Maman qui avait vendu le peu de meubles qui nous restaient, récupéra une somme d’argent juste assez suffisante pour acheter nos billets de bateau à destination de la métropole, six places en 1ère classe, dernière folie, dernier pied-de-nez à une vie de chômeur vécue à crédit, et premier acte digne d’une vie de futurs riches, à laquelle Papa pour mieux la convaincre de quitter l’Algérie, l’avait préparée en lui vantant ” les monts et merveilles” de leur future vie parisienne…N’allions-nous pas, en effet, comme on le disait alors habiter dans un “immeuble bourgeois” …Bourgeois…ce terme avait à l’époque pour moi une autre résonance, puisque Maman portait alors, un parfum de la marque “Bourjois”, sur l’emballage duquel, comme par hasard, se découpait la silhouette de la ville de Paris, alternant en continuité les monuments touristiques tels que la Tour Eiffel, l’Arc de triomphe…avec les toits mansardés de la ville. Très chic, très parisien…Mais j’avais aussi vu déjà des représentations de ” bourgeois” sur des gravures représentant de gros messieurs orgueilleux, j’appris plus tard que c’est Daumier qui en était l’auteur. Ainsi dans mon esprit d’enfant se mêlaient sous le terme d’ ” immeuble bourgeois” tous les éléments d’un monde à l’assemblage mystérieux…
Seule, Maman, n’avait pas été malade durant la traversée alors que Richard, le plus jeune frère de Papa et nous quatre, avions souffert et étions aussi deshydratés qu’affamés…Pas de grands souvenirs de Marseille, si ce n’est celui d’un grand espace hurlant et fumant, froid, anonyme, dans lequel zigzaguaient des porteurs surchargés de bagages…Puis la chaleur du compartiment, la vitre recouverte de buée et dégoulinante de larmes, à travers laquelle le paysage froid et brumeux se déroulait, interrompu par les tunnels qui happaient notre train dans un claquement sec. Et puis Maman prévoyante savait que que nous aurions faim, aussi je redécouvris les sandwiches au pâté de tête …et au jambon…

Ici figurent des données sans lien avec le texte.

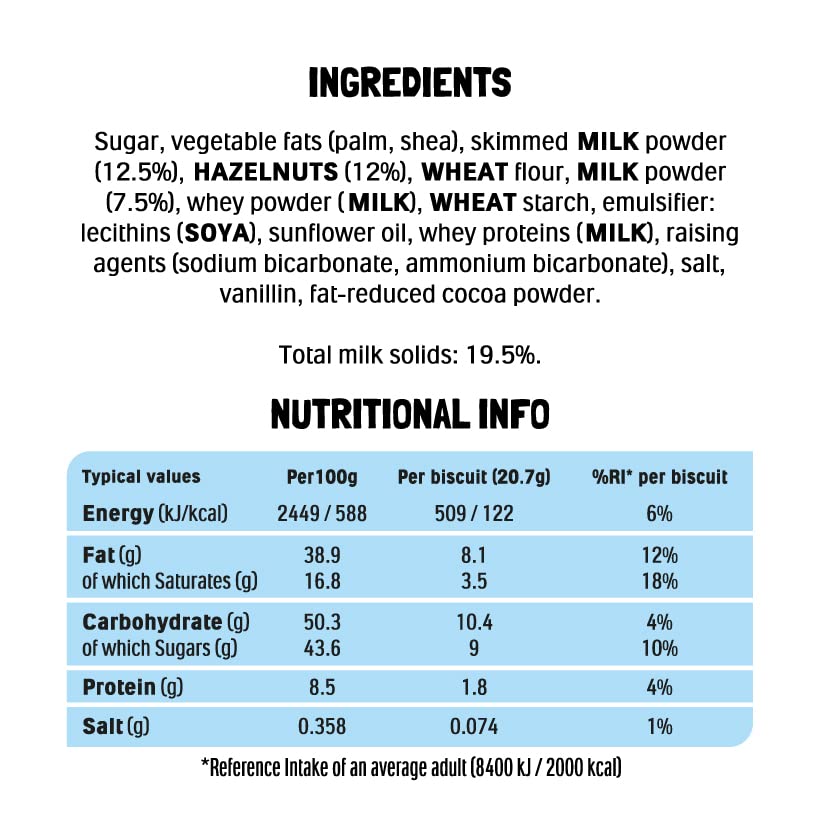 • Ingredients: Sugar, vegetable fats (palm, shea), skimmed milk powder (12.5%), hazelnuts (12%), wheat flour, milk powder (7.5%), whey powder (milk), wheat starch, emulsifier: lecithins (soya), sunflower oil, whey proteins (milk), raising agents (sodium bicarbonate, ammonium bicarbonate), salt, vanillin, fat-reduced cocoa powder

C’est dans la nuit, tard, que nous retrouvâmes Papa sur le quai de la Gare de Lyon…Là aussi pas de souvenirs précis…le plaisir d’entendre sa voix, de le voir s’occuper de nous. Une gare très sombre: des lumières faibles et trop haut perchées, le froid vif , une très grosse horloge…et puis tout là-bas au bout d’un grand boulevard bordé d’arbres nus, un pont de chemin de fer suspendu…le métro aérien, traversant le boulevard. Nous arrivions près de Chateau Rouge et allions passer notre première nuit chez la tante Rosette.


L’hiver 51. Ce Paris glacial, trop grand, et trop noir et trop blanc…trop de suie et trop de neige, trop de cheminées fumantes et trop de givre. Le cœur gros. La mélancolie d’un enfant ayant abandonné sa 6ème du lycée Bugeaud, tout blanc, pour rejoindre ce lycée Condorcet aux murs tout noirs…Tristesse de ce métro parisien, intestinal, tiède, fétide, strident et sombre. Ah, mon « tram » de Bab el Oued, dinng, dinng !dinng dinng !. Tu rasais de si près les arcades de la rue Bab Azoun, que j’en avais peur ! Mon pays, ma ville blanche, comme vous me manquiez déjà!